Общественное мнение в Советском Союзе было двуликим и сложным, как и сама жизнь в стране, где карались не только действия, но и слова и даже мысли. Поэтому люди часто говорили на собрании одно, а в доверительных разговорах — совсем другое. Иногда недовольство выливалось наружу — и человек говорил во всеуслышанье о том, о чем думали, но молчали другие. И это тоже был феномен общественного мнения.
Сталин умел управлять умонастроениями в обществе, во всяком случае, делал это более успешно, чем его последователи. Он использовал ситуацию холодной войны, чтобы блокировать развитие настроений недовольства от нереализованных послепобедных ожиданий и направил энергию негодования по проверенному руслу поиска внешних и внутренних «врагов». Он сохранил за собой позицию верховного арбитра в разногласиях между народом и властью, и это гарантировало ему лояльность со стороны
общественного мнения и принятие общественностью любых, даже непопулярных решений.
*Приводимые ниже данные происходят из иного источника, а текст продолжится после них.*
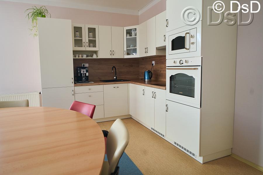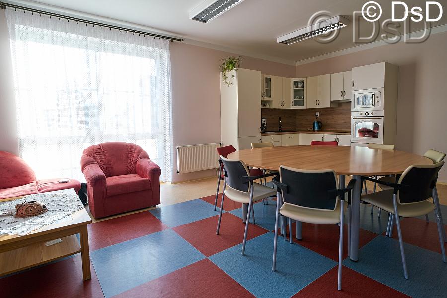 Místnost slouží pro trávení volného času personálu, klientů a rodinných příslušníků.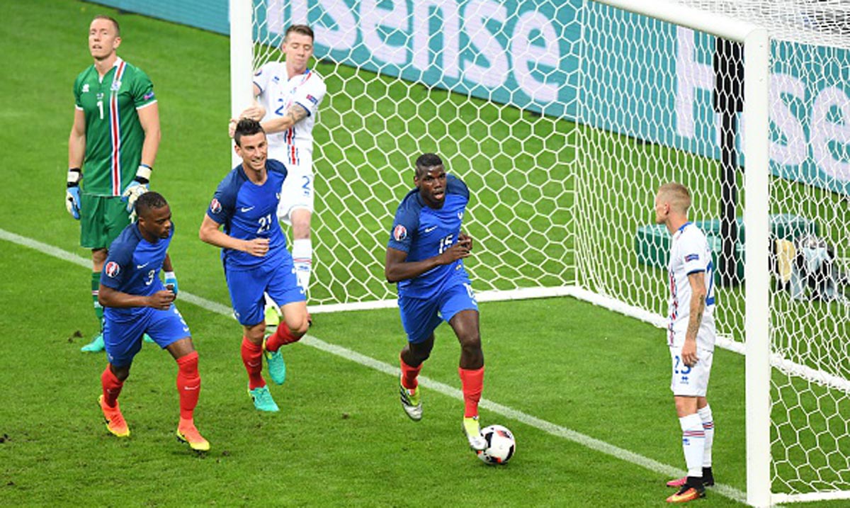 Golove za Francusku postigli su Olivije Žiru u 12. i 59. minutu, Pol Pogba u 20, Dmitri Paje u 43. i Antoan Grizman u 45. minutu. Strelci za Island bili su Kolbein Sigtorson u 56. i Birkir Bjarnason u 84. minutu.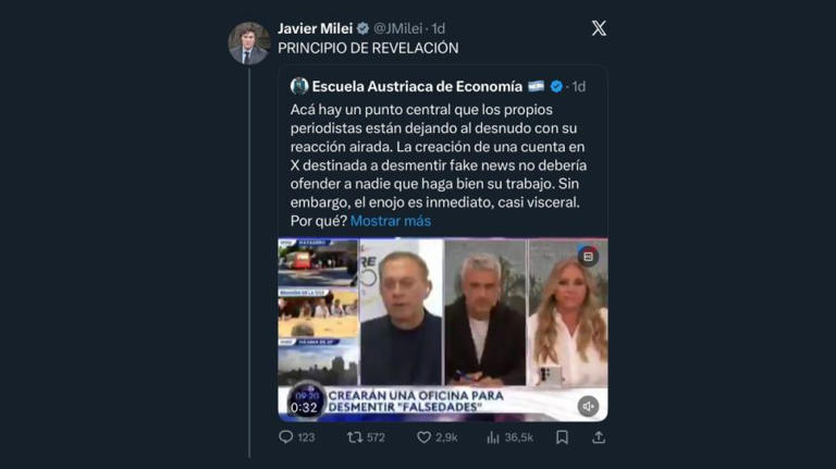 Milei también apuntó duramente contra el periodista Marcelo Bonelli, quien suele cuestionar el programa económico del Gobierno en sus columnas en Clarín, y sobre un recorte donde el comunicador habla del chequeo de información, afirmando que no siempre se chequean los datos al 100%, aseveró: «PRINCIPIO DE REVELACIÓN».

Без поддержки общественного мнения не может существовать никакой политический режим, даже диктаторский. Сталинский режим весьма эффективно использовал различные механизмы воздействия на сознание граждан — от пропаганды до террора, — чтобы сформировать в обществе соответствующие настроения, работающие на поддержание авторитета власти и достижение консенсуса между властью и народом. Общественное мнение в стране, где преследуется любое инакомыслие, представляет собой сложный феномен, оно отличается от общественного мнения, функционирующего в обществе открытом, демократическом. Но своеобразие явления, его непохожесть на то, что считается общепринятым и устоявшимся, отнюдь не означает отсутствия самого явления. Советское общество не было ни «молчаливым», ни абсолютно «верноподданным». Оно имело свое лицо и свой мир мнений.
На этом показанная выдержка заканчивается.